Let's imagine you import a batch of computers from the United States:
• Price of computers (FOB Value): €10,000
• Transport expenses (freight): €500
• Insurance: €50
• Applicable customs duty: 5%
• Unloading expenses: €100
• Applicable VAT rate: 23% (example for Portugal)
1. Customs Value (CIF):
€10,000 (FOB) + €500 (freight) + €50 (insurance) = €10,550
2. Customs Duties:
€10,550 (CIF Value) × 5% = €527.50
3. Taxable Base for VAT:
€10,550 (CIF Value) + €527.50 (Customs Duties) + €100 (unloading expenses) = €11,177.50
4. Import VAT:
€11,177.50 (Taxable Base) × 23% = €2,570.83
Total taxes to pay at customs:
€527.50 (customs duties) + €2,570.83 (VAT) = €3,098.33
Additionally, you would have to pay the customs agency fees with their corresponding VAT.
Traditionally, Import VAT was paid at customs at the same time as customs duties. However, for companies that submit monthly VAT declarations, there is a VAT deferment regime.
This allows them not to pay VAT at customs, but instead to declare and deduct it in their monthly VAT declaration (model 303), which represents a financial advantage by not having to pay the money upfront. To adhere to this regime, companies must apply to the Tax Authority.
There are certain exemptions to Import VAT, for example, for low-value shipments.
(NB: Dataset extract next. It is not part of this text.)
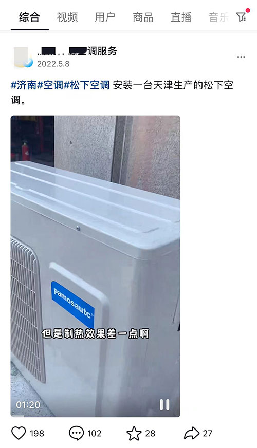 - 7月12日,江蘇發(fā)布高溫紅色預警,今年空調(diào)旺季徹底爆發(fā),但與此同時,各種亂象也多了起來。 比如假松下、假三菱又賣得俏了。在某音平臺上,筆者也刷到了假松下(Pamosautc)的安裝視頻,產(chǎn)品視頻,
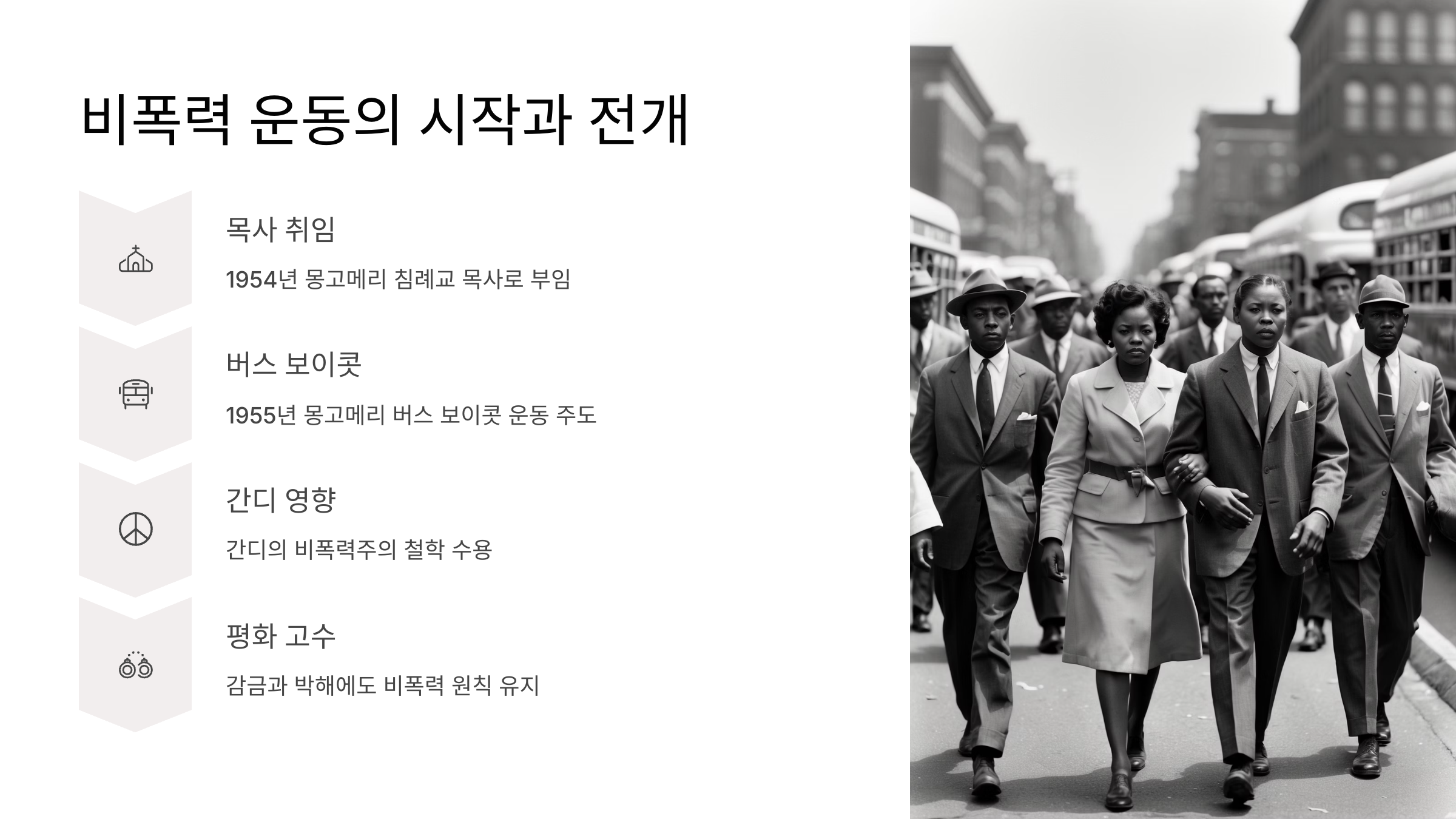 1955년, 로자 파크스가 버스에서 백인에게 자리를 양보하지 않았다는 이유로 체포되면서 몽고메리 버스 보이콧 운동이 시작됐어요. 이때 주도적으로 나선 인물이 바로 킹이었죠. 그는 당시 26살의 젊은 목사였지만, 강한 신념으로 사람들을 이끌었답니다.

If the value of the goods is less than €150, the import is exempt from customs duties.
Furthermore, if the value is less than €22 (for commercial shipments) or €45 (for shipments between individuals), the import may also be exempt from VAT.
However, these exemptions have restrictions, especially in the case of alcohol and tobacco.